Because WGCNA module identification is based on hierarchical clustering, genes cannot be assigned to multiple modules, exposing WGCNA’s limitation since many genes participate in multiple biological processes and often perform multiple functions. An alternative weighted co-expression method which allows genes to have multiple co-memberships in different modules is lmQCM (Figure 2C; Zhang and Huang, 2014). The lmQCM algorithm identifies densely connected subnetworks (i.e., quasi-cliques) using a greedy search algorithm which allows module overlaps (Ou and Zhang, 2007). In addition to allowing genes to be assigned to multiple modules, lmQCM can also identify smaller modules, which can highlight more specific and interpretable biological connections as compared to much larger modules of WGCNA that frequently contain over a thousand genes (Zhang and Huang, 2014; Yu et al., 2019). This algorithm is freely available as an R package1 and a web-tool (Huang et al., 2021).
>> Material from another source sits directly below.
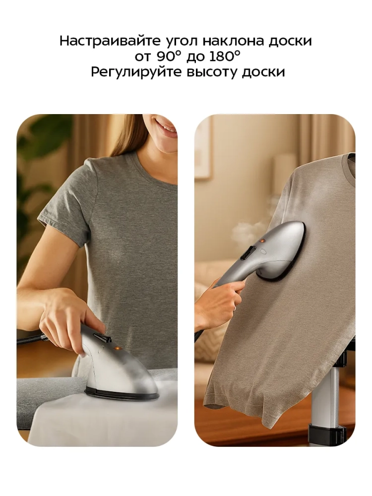 Гладильная доска имеет не только горизонтальное и вертикальное положение, но и может менять наклон от 90° до 180°. Вещи удобно разложить на гладильной доске или закрепить вешалку с одеждой на держателе вешалки гладильной доски. Таким образом вам не придется перевешивать одежду с вешалок, на которых она хранится в шкафу.

Network Mining: Centered Concordance Index, Eigengenes, and Hubs
Co-expression networks can be mined to determine the functional significance of their modules or identify functionally relevant genes. Here, we discuss two techniques for module mining [Centered Concordance Index (CCI) (Han et al., 2016) and eigengenes (Alter et al., 2000; Horvath and Dong, 2008)] and two techniques to identify hub genes [intramodular connectivity (Zhang and Horvath, 2005) and betweenness centrality (Freeman, 1977)].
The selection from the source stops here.